Remove all the filtered images

In [None]:
for path in paths:
    os.remove(path.lstrip('file:'))

### Feature extraction with pre-trained VGG16 model

Import the pre-trained VGG16 model from keras and attach a convolution layer over it with 128 filters to reduce the output features. This will act as our feature extractor.

In [None]:
vgg = keras.applications.VGG16(input_shape = (256, 256, 3), include_top = False, weights = 'imagenet')
x = keras.layers.Conv2D(128, 5, activation='relu')(vgg.output)
x = keras.layers.GlobalAveragePooling2D()(x)
model = keras.Model(inputs=vgg.input, outputs=x)

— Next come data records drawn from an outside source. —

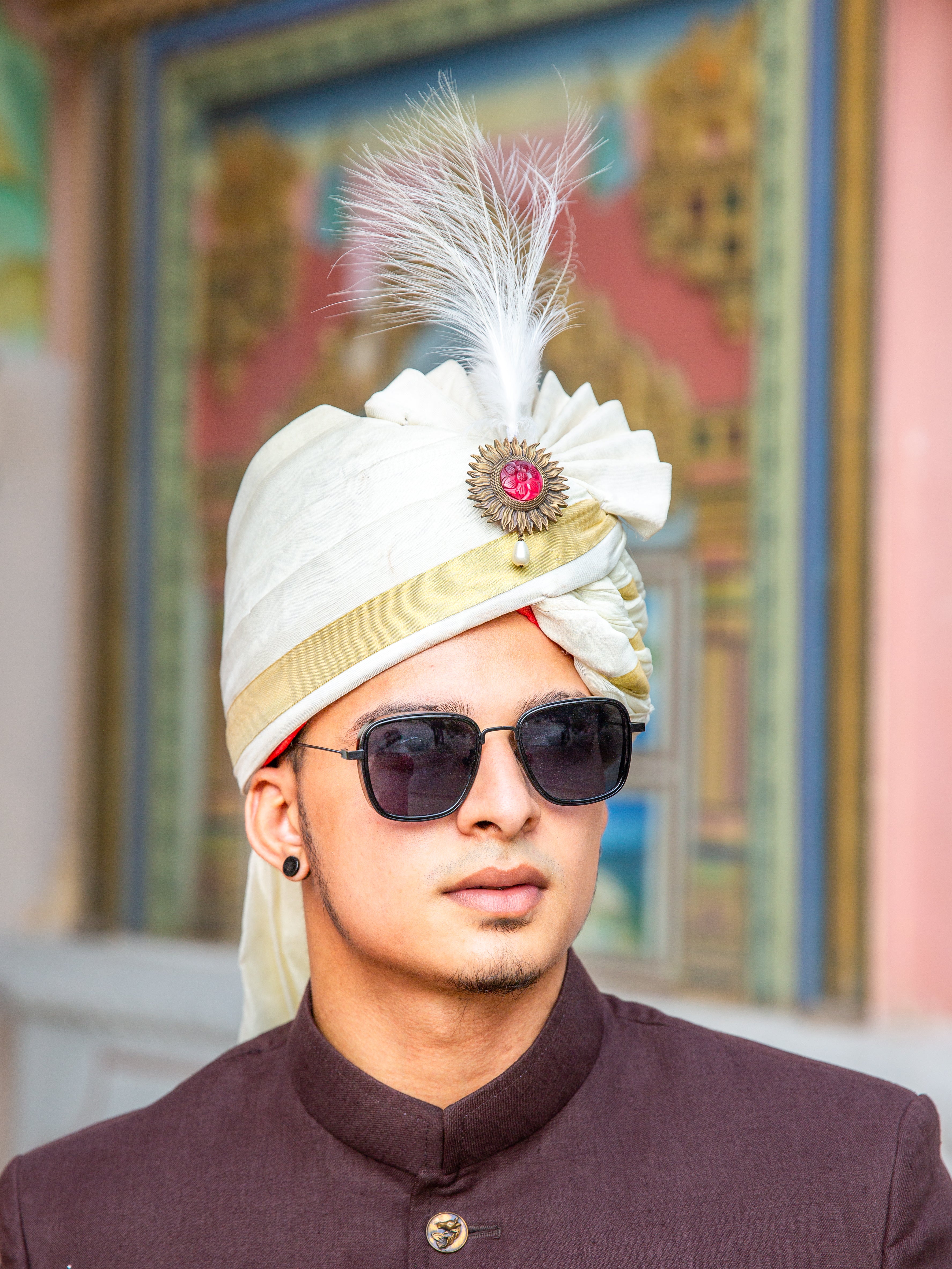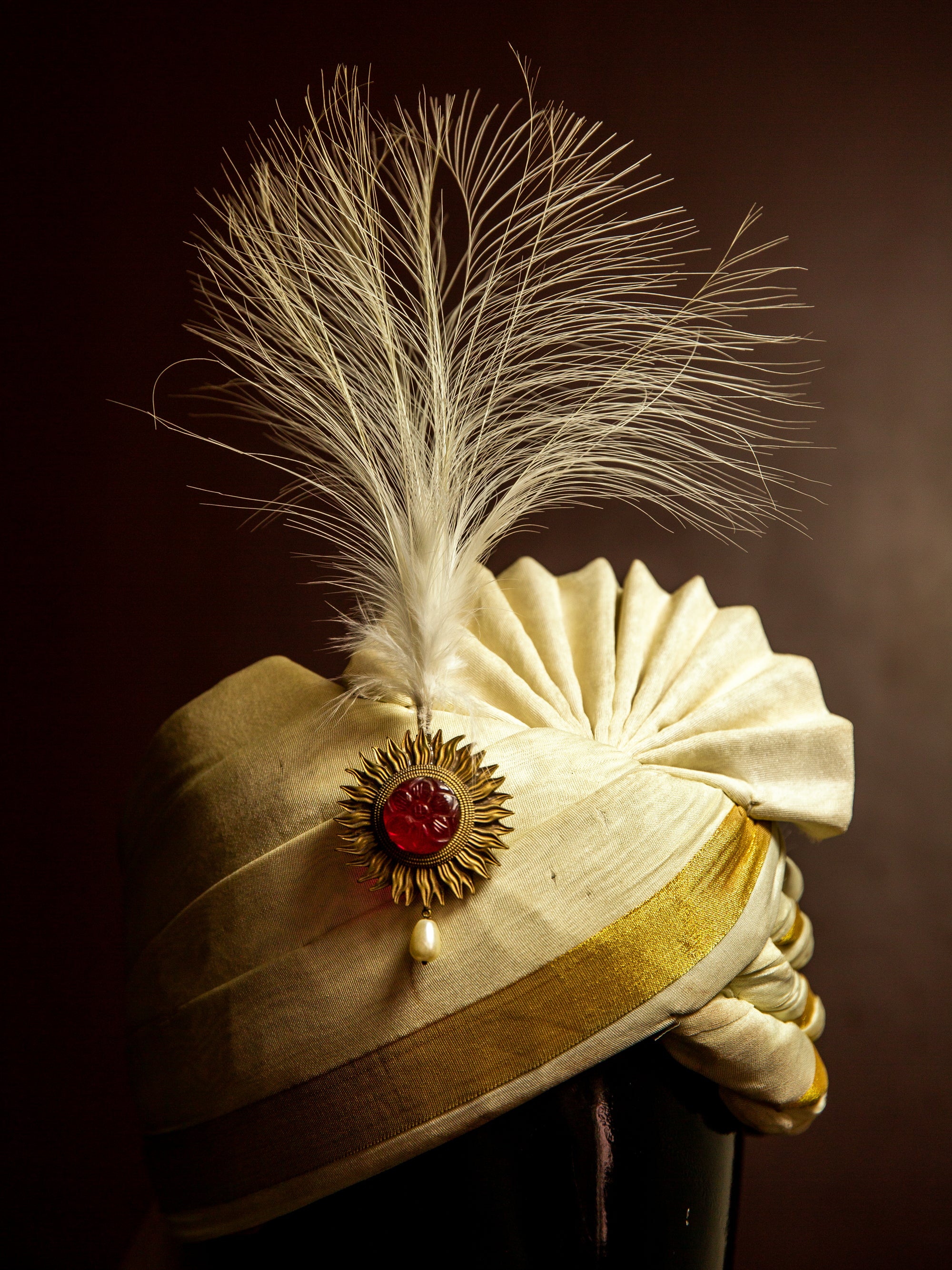 | Featuring exquisitely crafted sun kalangi in antique gold with hand crafted glass stone in the centre.This is made of brass metal. Wear this precious adornment on any Safa for wedding. |
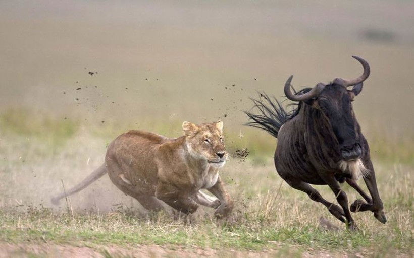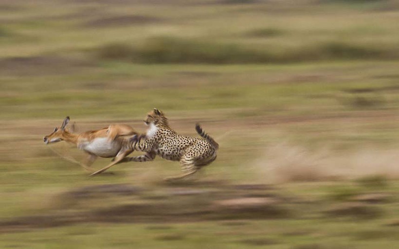 Гепард нападает на убегающую газель (Масаи-Мара)
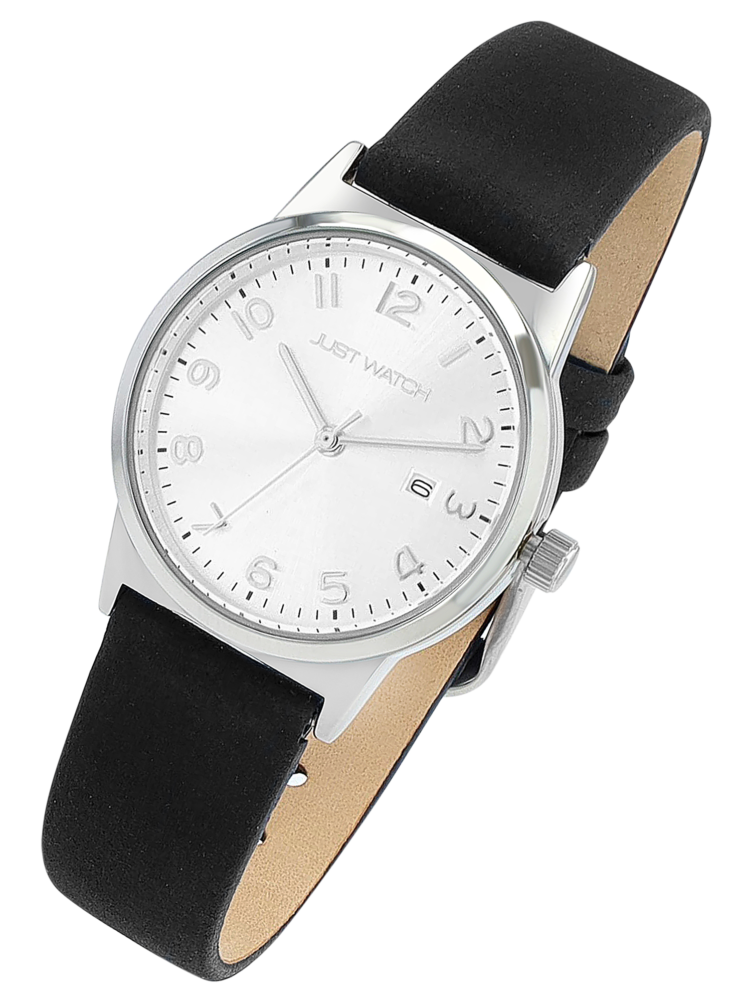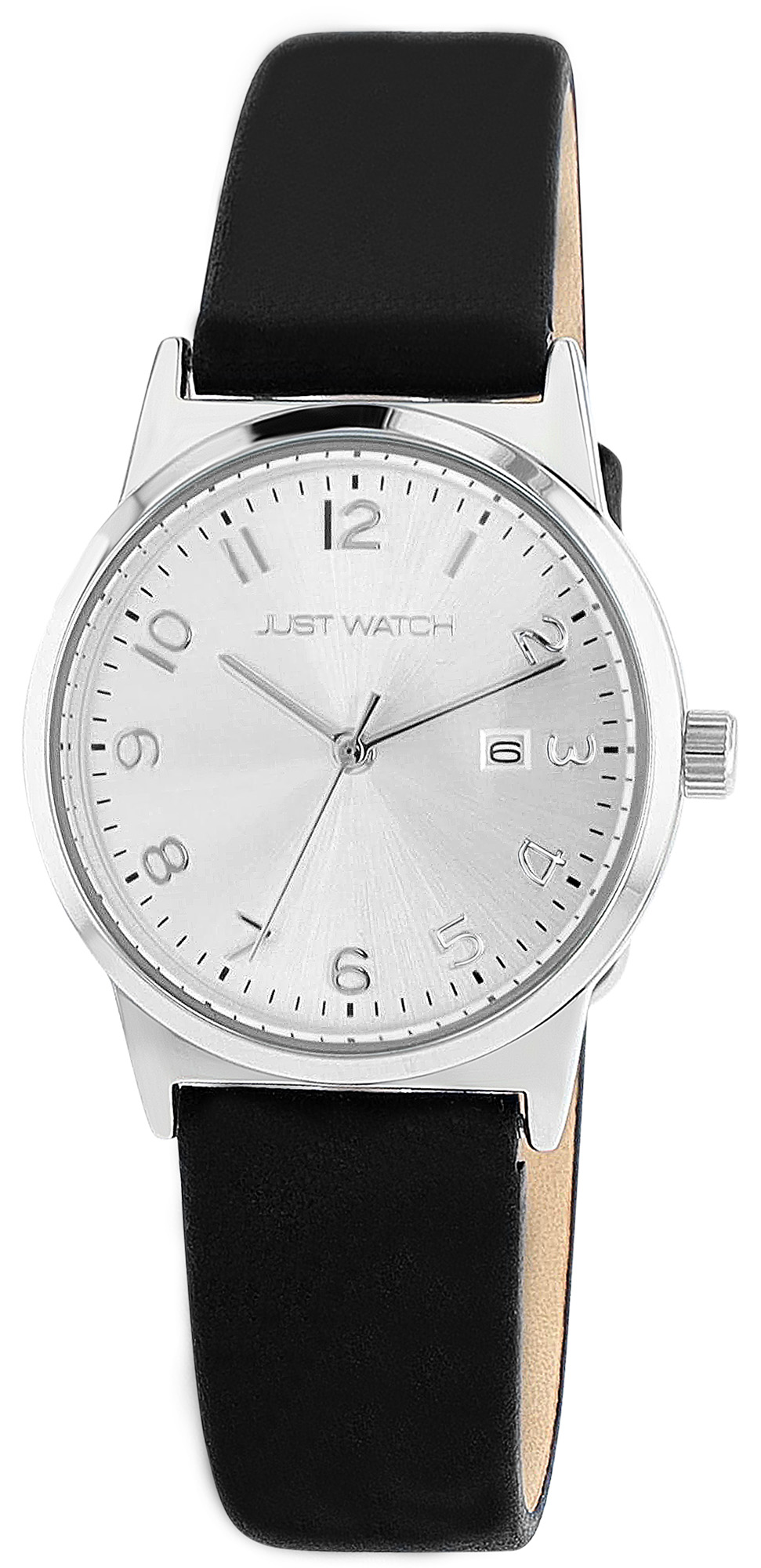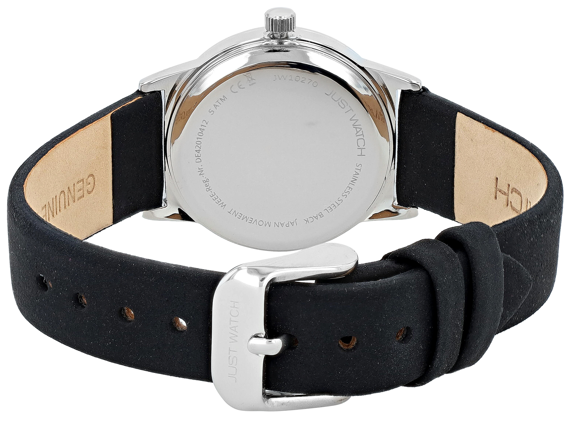 Productinformatie "JUST WATCH Damenuhr "Naia" mit Echtlederband, Ø 30 mmm schwarz/ silberfarben"
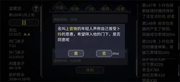 总结这款游戏会很耗时间,可以慢慢来,一上来就建立一个好的宗门不可能,估计要转世发育几代,一定要做好宗门防护,别壮烈牺牲。
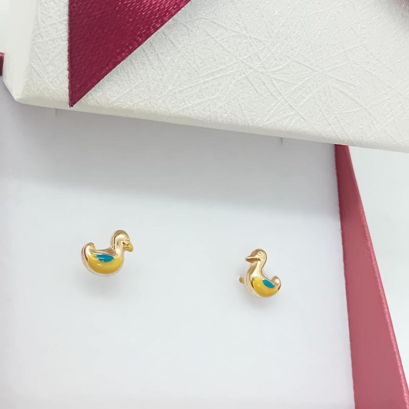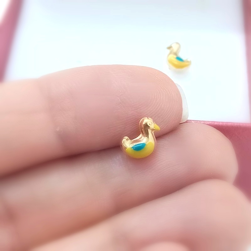Χαριτωμένες μικρές πάπιες από χρυσό και σμάλτο, 14 καράτια, ένα όμορφο σετ σκουλαρίκια για μικρές ηλικίες.
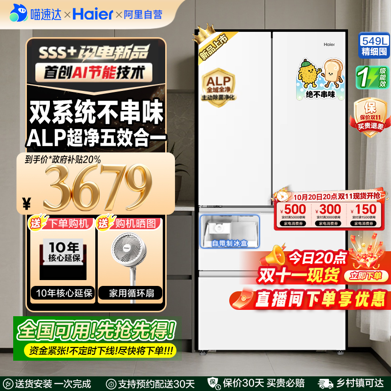 【2025新款】国补海尔双系统双循环法式多门549升大容量制冰冰箱
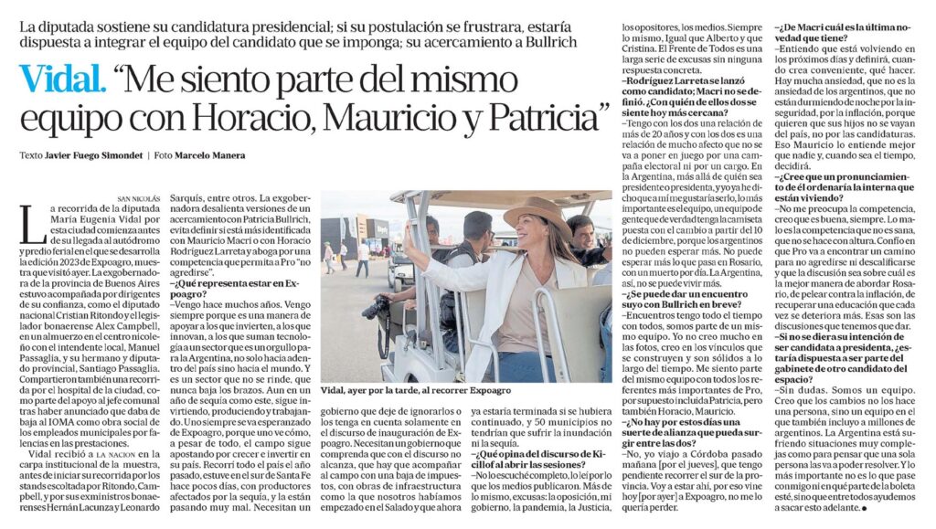 Vidal recibió a la nacion en la carpa institucional de la muestra, antes de iniciar su recorrida por los stands escoltada por Ritondo, Campbell, y por sus exministros bonaerenses Hernán Lacunza y Leonardo Sarquís, entre otros. La exgobernadora desalienta versiones de un acercamiento con Patricia Bullrich, evita definir si está más identificada con Mauricio Macri o con Horacio Rodríguez Larreta y aboga por una competencia que permita a Pro «no agredirse».

Since our method is an unsupervised one, it is likely that it will be biased with objects of the same colour and there is also a possibility that the object of interest might be in a cluttered environment, so we need to apply a pre-processing to the images that enhances the contrast and then converts it to gray scale. For this we will use the albumentations library.

In [None]:
preprocess = albu.Compose([
    albu.CLAHE(p=1),
    albu.ToGray(p=1),
])

Get all the image paths in our dataset

In [5]:
image_paths = glob("./small/*/*")

The dataset has a very large number of images, it will be wise to make use of data generator for the feature extraction. Let's define one first.

In [None]:
class DataGenerator(keras.utils.Sequence):
    'Generates data for Keras'
    def __init__(self, image_paths, batch_size):
        'Initialization'
        self.image_paths = image_paths
        self.batch_size = batch_size
    def __len__(self):
        'Denotes the number of batches per epoch'
        return int(np.floor(len(self.image_paths) / self.batch_size))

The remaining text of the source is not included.